# WORK ITEM:
Where the data below contains pictures, omit them; output the rest word for word.

# SOURCE DATA:
___
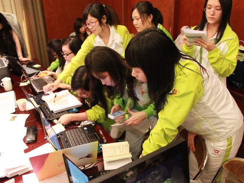 亚运外事办志愿者工作场景
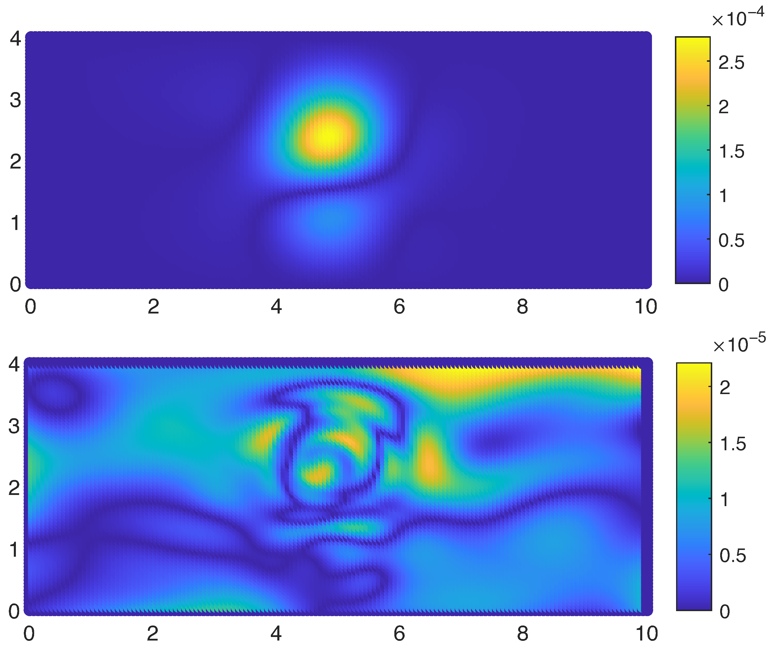 Figure 6. The proposed method clearly achieves a lower overall error, while the SSPH solution produces a smoother error field. This is expected for SSPH schemes enhanced with ML-based residual correction: the correction mainly focuses on regions with high local error. As a result, the absolute error field may appear slightly less smooth, but the global error is significantly reduced. The smoothness difference becomes less pronounced at higher grid resolutions.
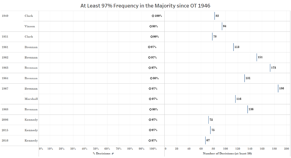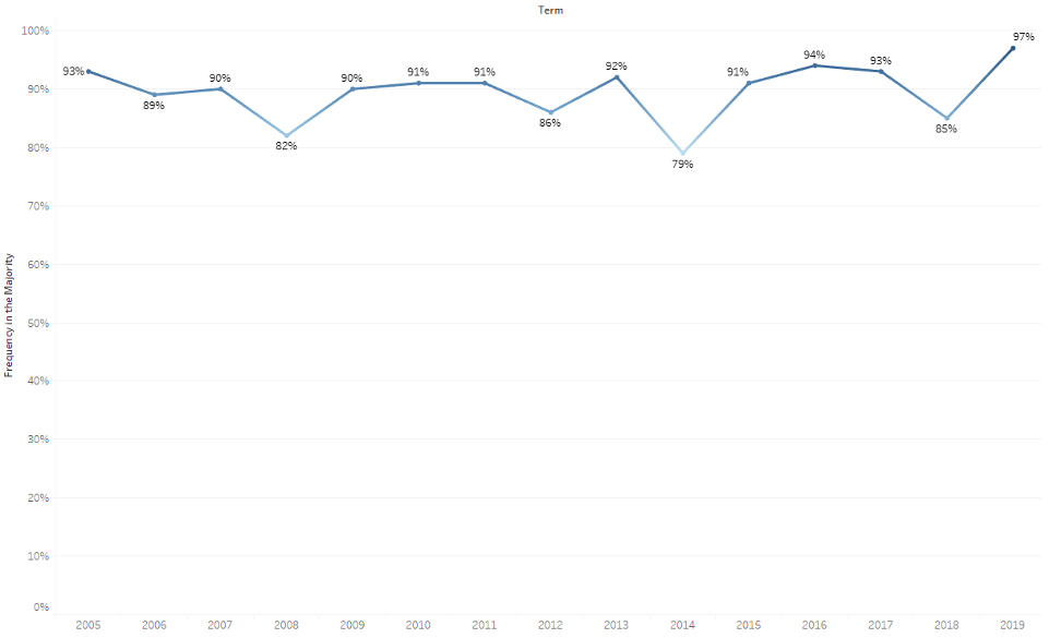 Chief Justice John Roberts was a frequent member of the court’s majority this term. He was in the majority in 97% of the term’s cases. The only other justice to decide 50 or more cases in a term and maintain such a high frequency in the majority since OT 2005, when Roberts joined the court, was Justice Anthony Kennedy (he achieved the feat three times).
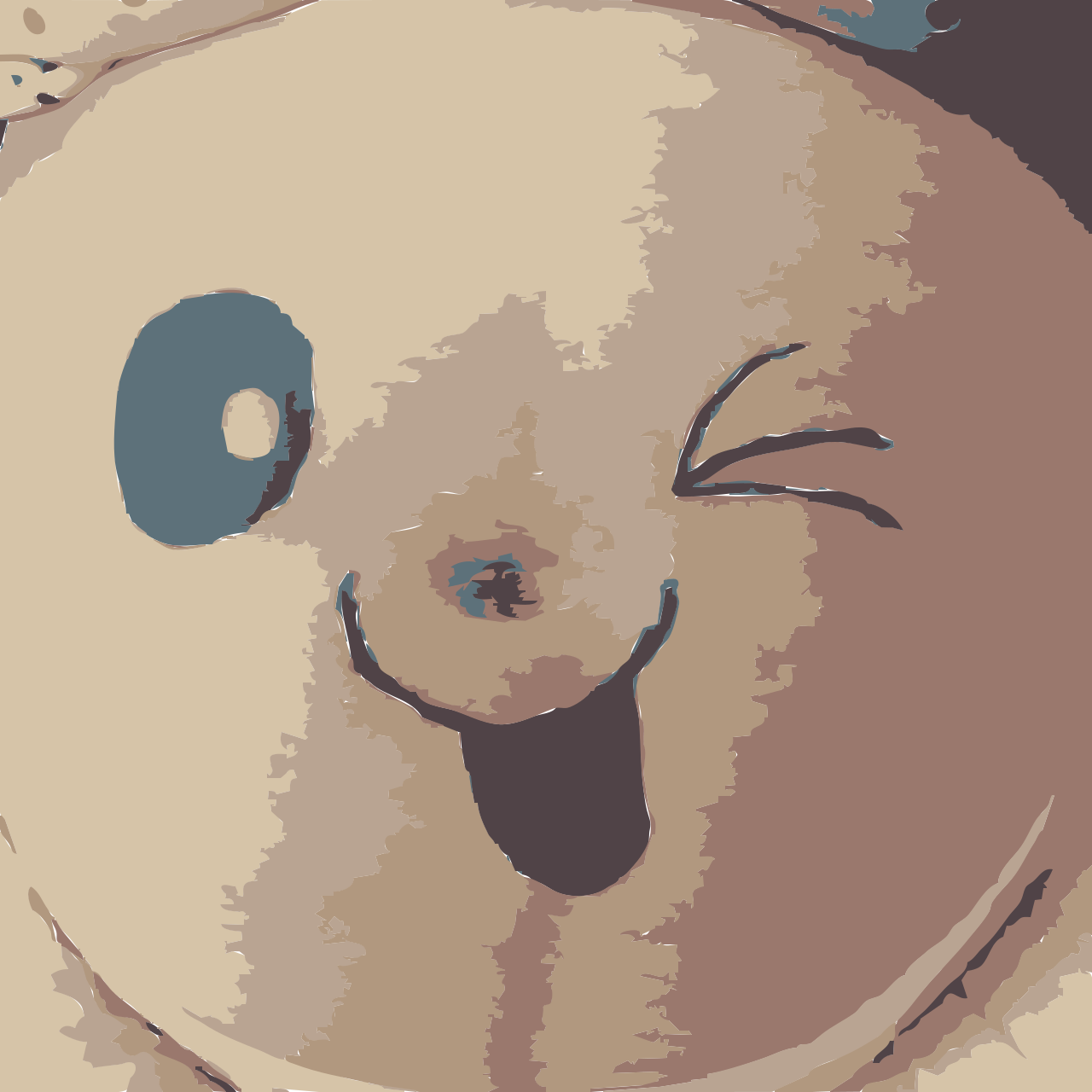 This features a large, round, and brown teddy bear with a big smile on its face. It has two blue eyes and a nose, giving it a friendly appearance. The teddy bear's mouth is open, showing teeth and tongue, adding to the playful nature of the character. This cute stuffed animal appears to be the main focus of the image, capturing attention with its charming expression.
___
# SOLVED PROBLEM:
 亚运外事办志愿者工作场景
 Figure 6. The proposed method clearly achieves a lower overall error, while the SSPH solution produces a smoother error field. This is expected for SSPH schemes enhanced with ML-based residual correction: the correction mainly focuses on regions with high local error. As a result, the absolute error field may appear slightly less smooth, but the global error is significantly reduced. The smoothness difference becomes less pronounced at higher grid resolutions.
 Chief Justice John Roberts was a frequent member of the court’s majority this term. He was in the majority in 97% of the term’s cases. The only other justice to decide 50 or more cases in a term and maintain such a high frequency in the majority since OT 2005, when Roberts joined the court, was Justice Anthony Kennedy (he achieved the feat three times).
 This features a large, round, and brown teddy bear with a big smile on its face. It has two blue eyes and a nose, giving it a friendly appearance. The teddy bear's mouth is open, showing teeth and tongue, adding to the playful nature of the character. This cute stuffed animal appears to be the main focus of the image, capturing attention with its charming expression.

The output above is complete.